As I understand the grouping method : The 2 families are mapped on the same amplicon, they have the same UMI sequence, all the reads start at the same position. The only difference is seems to be their ending position; and that is their are separated in 2 families. If the above assumption is true, why is the 3rd read in the family 4716 (0074-01718) grouped there since it has only length 42 compared to the others reads with a length of 138?

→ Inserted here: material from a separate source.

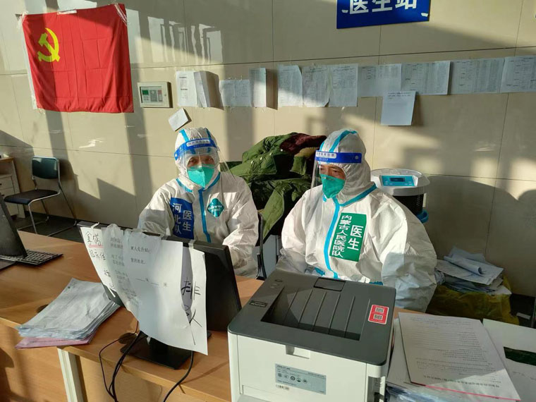 經(jīng)內(nèi)蒙古方艙黨委組織研究決定,在一線火速成立了我院援助內(nèi)蒙古抗疫醫(yī)療隊(duì)臨時(shí)黨支部,米小昆同志任黨支部書(shū)記,張縝同志任黨支部副書(shū)記,戴麗娟、劉嘉寅、杜彥艷同志任支部委員。火線建立的臨時(shí)黨支部充分發(fā)揮黨支部的戰(zhàn)斗堡壘作用和黨員的先鋒模范作用,強(qiáng)調(diào)黨建引領(lǐng),突出黨員作用,注重關(guān)愛(ài)延伸,以優(yōu)異的抗疫成績(jī)向黨和人民交出了一份出色的“紅色答卷”。黨支部把“亮身份、作表率”放在了突出位置,在醫(yī)療站、護(hù)理站醒目位置懸掛黨旗,印制黨員標(biāo)識(shí),胸口貼有紅色標(biāo)簽的黨員干部活躍在方艙的每個(gè)角落。在抗疫一線,黨員用實(shí)際行動(dòng)影響著每一位隊(duì)員,群眾入黨熱情高漲,劉子嘉等共13位隊(duì)員遞交了入黨申請(qǐng)書(shū)。在支部領(lǐng)航下,醫(yī)療隊(duì)展現(xiàn)出精準(zhǔn)有效的醫(yī)療“硬實(shí)力”。

I am new using the GroupReadsByUmi and read the official instruction page. However I might have misunderstand the grouping method. Thank you in advance for your help.

nh13 commented 4 months ago

If reads are from the same source molecule, then the outer ends of the template are assumed to be the same. Since you're not using paired end, then the outer ends are the start and end of each read. I'd ask if you're doing some up front quality or adapter trimming prior to grouping of the reads to make their read lengths different.

jeanquassi commented 4 months ago

Hi Nils, thank you for your swift answer. Indeed we do some adapter trimming before the grouping. I will check the quality of the trimming for the strange reads.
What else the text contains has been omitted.